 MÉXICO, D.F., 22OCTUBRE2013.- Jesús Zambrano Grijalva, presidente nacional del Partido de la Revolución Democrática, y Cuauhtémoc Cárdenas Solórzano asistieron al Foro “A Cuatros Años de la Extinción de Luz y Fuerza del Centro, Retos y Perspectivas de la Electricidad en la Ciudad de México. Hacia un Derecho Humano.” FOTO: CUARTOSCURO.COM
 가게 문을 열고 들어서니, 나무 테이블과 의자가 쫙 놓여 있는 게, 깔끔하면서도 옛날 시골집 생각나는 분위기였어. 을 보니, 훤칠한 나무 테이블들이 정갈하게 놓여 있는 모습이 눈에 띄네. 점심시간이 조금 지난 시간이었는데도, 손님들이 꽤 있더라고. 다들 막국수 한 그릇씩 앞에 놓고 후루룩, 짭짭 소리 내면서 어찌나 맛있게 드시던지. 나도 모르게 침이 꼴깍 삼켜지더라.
--
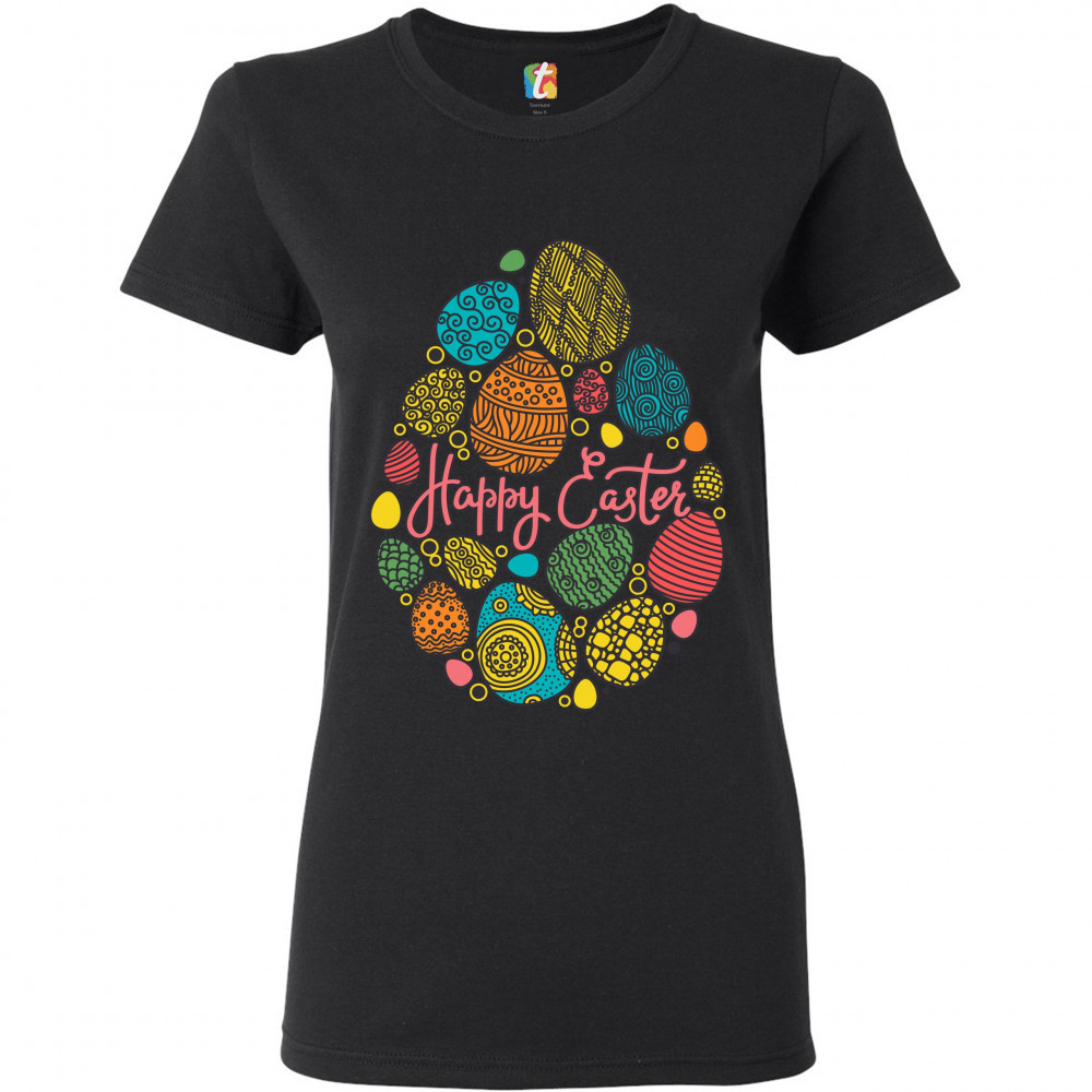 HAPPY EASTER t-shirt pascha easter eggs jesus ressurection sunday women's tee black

Your goal: Reproduce the entries above exactly, but only the lines between the line holding "MÉXICO, D.F., 22OCTUBRE2013.- Jesús" and the line holding "가게 문을 열고 들어서니, 나무", inclusive.

Answer area:
 MÉXICO, D.F., 22OCTUBRE2013.- Jesús Zambrano Grijalva, presidente nacional del Partido de la Revolución Democrática, y Cuauhtémoc Cárdenas Solórzano asistieron al Foro “A Cuatros Años de la Extinción de Luz y Fuerza del Centro, Retos y Perspectivas de la Electricidad en la Ciudad de México. Hacia un Derecho Humano.” FOTO: CUARTOSCURO.COM
 가게 문을 열고 들어서니, 나무 테이블과 의자가 쫙 놓여 있는 게, 깔끔하면서도 옛날 시골집 생각나는 분위기였어. 을 보니, 훤칠한 나무 테이블들이 정갈하게 놓여 있는 모습이 눈에 띄네. 점심시간이 조금 지난 시간이었는데도, 손님들이 꽤 있더라고. 다들 막국수 한 그릇씩 앞에 놓고 후루룩, 짭짭 소리 내면서 어찌나 맛있게 드시던지. 나도 모르게 침이 꼴깍 삼켜지더라.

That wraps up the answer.